20. Ms. Pami Rath, learned counsel appearing for the IDCOL, on the other hand, submitted that the question of rehabilitation of the Petitioners in IDCOL simply did not arise as it had nothing to do W.P.(C) No.5888 of 2011 Page 9 of 11 any longer with SNCL. She submitted that the present claim was wholly untenable as all the dues of the Workmen had already been settled upon closure of the Unit.
21. The above submissions have been considered. Certain facts, which are not in dispute, are that the challenge to the closure by these very Petitioners by filing OJC No.16610 of 1998 failed with the dismissal of the said petition on 7th July, 2008 for non- prosecution. No attempt was made to have the said petition restored. The said order therefore attained finality. The second fact is that the Petitioners have been unable to dispute the contention of IDCOL that upon closure of the SNCL on 23rd November 1998, the entire compensation amount in the sum of Rs.246.99 Lakhs was paid and this included PF and ESI dues. The entire closure compensation was also disbursed. The third factor is that there is a separate arrangement of SCAW taking over the assets of SNCL, but did not take over any liabilities. The plea of the Petitioners that they should be rehabilitated in IDCOL is, therefore, not tenable at all since there is no obligation of IDCOL in law in that regard. For that matter, there is no obligation of SCAW either.

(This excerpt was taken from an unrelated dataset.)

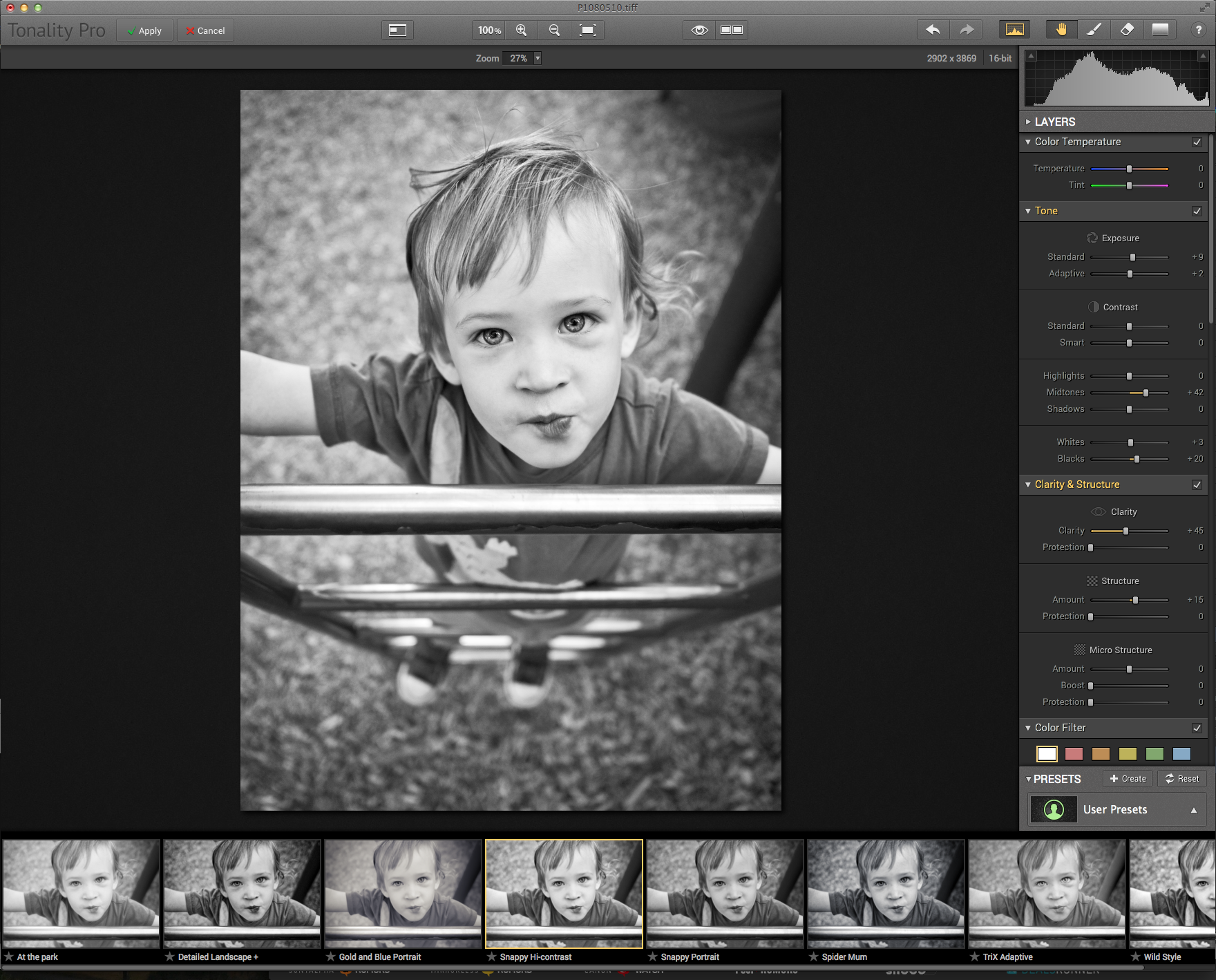 When opening an image in Tonality Pro, you are greeted with the default conversion, all sliders in their neutral position. The first instinct is to start clicking on presets to see how it suits your image (at least that is my first instinct). Broad strokes at first to see what you might be able to do with a single click as it were. Then, the power of this program sets in.

22. The fourth factor, which is undeniable is that the present petition challenging the order dated 10th October, 2008 of the DLO, Dhenkanal declining to take further action on the Petitioners' complaint against the illegal retrenchment, was filed nearly three years thereafter. As has been directed by the Supreme Court in its order dated 3rd November, 2014, the question of delay cannot be ignored. Also, the acceptance of compensation by the W.P.(C) No.5888 of 2011 Page 10 of 11 employees of SNCL at the time of its closure and allowing OJC No.16610 of 1998 to be dismissed for non-prosecution without seeking its restoration are fatal to the case of the Petitioners. There was no scheme in existence at any point in time for rehabilitation of the Workmen. Consequently, there were no means by which the present Petitioners could have been rehabilitated in SCAW, which was the entity that took over the SNCL's assets. At no point in time, did IDCOL step into the picture as far as the undertaking to rehabilitate the Petitioners is concerned. Consequently, the reliefs claimed by the Petitioners in the present case are untenable in law.
23. The question here is not so much about the plea being defeated by limitation, but by the previous proceedings involving these very Petitioners, which have attained finality. Consequently, none of the decisions cited by the Petitioners has any application in the facts and circumstances of the present case.
24. The writ petition is entirely without merit and, therefore, dismissed, but in the circumstance, with no order as to costs.
(S. Muralidhar) Chief Justice (R. K. Pattanaik) Judge M. Panda.